It’s all bullshit, and it’s all the same. Maybe if we as a species all grew a pair and gave it another shot, picked ourselves off and dusted ourselves off when we got hurt, we wouldn’t end up hurting so many people. We would love others instead of playing mind games. We would respect one another, and if we fell in love, we fell in love. Perfect world, right?

Spread some love and have some hope.

Dani

 

Summer Rain

To set the mood: it’s a arid, rainy night, the rain sloughing off the humidity. Lightning flashes silently, its applause so far off I can’t hear it. Listening to something I recently discovered thanks to Spotify.

Life moves on. It keeps rolling with no intention of stopping, neither for the good nor the bad. Life continues.

For me, it has meant a lot. I’ve graduated. It doesn’t feel like it yet, but maybe it’ll hit me in August when I’m not packing up to go anywhere. My grandparents are still in the hospital, and I am adjusting to life back home.

Exciting things happen! Last weekend my sister got engaged! It was a beautiful, magical moment, and we both cried tears of joy. I think for her it seemed like the end of a long battle between her heart and her anxiety. For me it was a mix. I was so happy for her, but some part of me felt like I was losing my sister. I know it’s not true, I’m really just gaining a brother who is pretty much me in male form.

There were also times that I felt a little hollow during the celebration. My family was saying “Oh you’re next!” And the smile just couldn’t reach my eyes. How can I even entertain that idea when I don’t have anyone? The only person I was interested in clearly was not interested in me. I had a few small flashes of loneliness, but they were quickly swallowed by my happiness for my sister and her now-fiance. He’s a great man, and I’m happy to welcome him to the family.

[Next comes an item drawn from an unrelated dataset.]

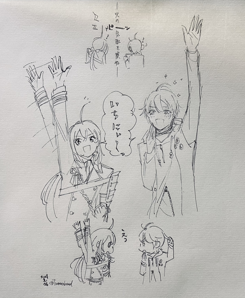 リョク☆quiet followDOODLE鯰尾藤四郎と山田三郎だよ ヒプマイ二郎三郎のいちにい〜!を聞いてから描きたかったやつ 三郎って意外と身長あるんだ...14才にして...三郎の歌声かわいいし色気あるしめっちゃ好きや... Tap to full screen (size:2472x2998).Repost is prohibited Let's send reactions! freqpopularsnackothersPayment processing Replies from the creator Follow creator you care about!☆quiet follow リョクDOODLEミュージカル『I'm donut?』、通称ドナミュの悪魔マキアさん(荒牧慶彦さん)I'm donut?というお店が実際にありますが、制服デザインがかわいいですよねちょっとクラピカっぽい服装(´ω`*)エプロンみたいな服の下に着てるものはどうやら人それぞれみたいです悪魔マキアさんチョイスなのかな?肩にかわいい飾りがついたシャツがお似合いでした°˖✧◝(⁰▿⁰)◜✧˖° リョクSPOILERドナミュの覚え描き~ (センシティブかどうかわからないけれど一応公演期間中なのでワンクッションを/イラストはイメージです)色々線が汚いのはご容赦ください。。。 全部が素敵なシーンだった!🍩🍩🍩久々にポイピクにも投稿するぜ!!! 2 リョクDOODLEみすみー△ リョクDOODLEあれこれ考えて描いてて気づいたらノースリーブ一期描いてた、、、 袖は想像上で勝手にカットされました 大阪城イベ進めなきゃじゃんー リョクDOODLE泛塵と大千鳥十文字槍 丁度良い高さに腕が。。。 リョクSPOILER无伝の気になった大千鳥らくがき観てる側としては全体的に楽しいシーンなんですがちょっと視点変えるとあっそうだよね、、、と心がキュッとなりました でも個人的には好きな演技だったり。。。 recommended works おむさわDOODLEわーいヽ(*´▽`)ノ※ポーズ集をお借りしております。#刀剣乱舞 あずき@本丸DOODLEゆるゆる薬さにマンガ⑨女審神者顔出しです。歌仙さん描けて楽しい。 あずき@本丸DOODLEゆるゆる薬さにマンガ⑪※女審神者顔出しですこんのすけ難しいです…! ふじゆう5106DOODLE笑いながら戦う長義くん描きたかった kinoTRAINING線画どうにもできなかったのでそのまま色乗っけ練習 こめわけDONEばみくん🏵 azutyaDOODLEカッコいい刀剣男子はどこに行けば見られますか?_(┐「ε:)_#太郎太刀#三日月宗近#刀剣乱舞 みやみDOODLEにょた南泉!描きたくて描きたくて描いた!にょた南泉は脇差サイズくらいで顕現していると嬉しい。色々と好み過ぎるのでまたかく mosukeDOODLEお絵描きリハビリ~にゃーさんに「ん?一緒に晩酌でもするかい」て言われたい人生だった…しゅき

As it turns out, things may have stirred somewhere else, a friend of my new soon-to-be brother-in-law. But I’ll wait to delve into that until there’s more to talk about.

I have noticed I am more open this time around. Recently, my social anxiety has gotten the best of any semblance of love interests. It scared me whenever they were flirty or wanted to see me. I felt awkward when they showed any emotion, and I refused to show any back. I’m not sure what it meant, whether it was my intuition protecting me or just succumbing to social anxiety, but either way this time is a little different. My emotions are still dulled at this point. I wish I remembered what it felt like to wholeheartedly be excited at the start of a new romance, but it’s been a while, and I’m scared of overwhelming anything. Both because it may scare off the other person and it may hurt me in the end. But I hold on to the hope that this one may be different, and that in itself is something I haven’t felt in a while.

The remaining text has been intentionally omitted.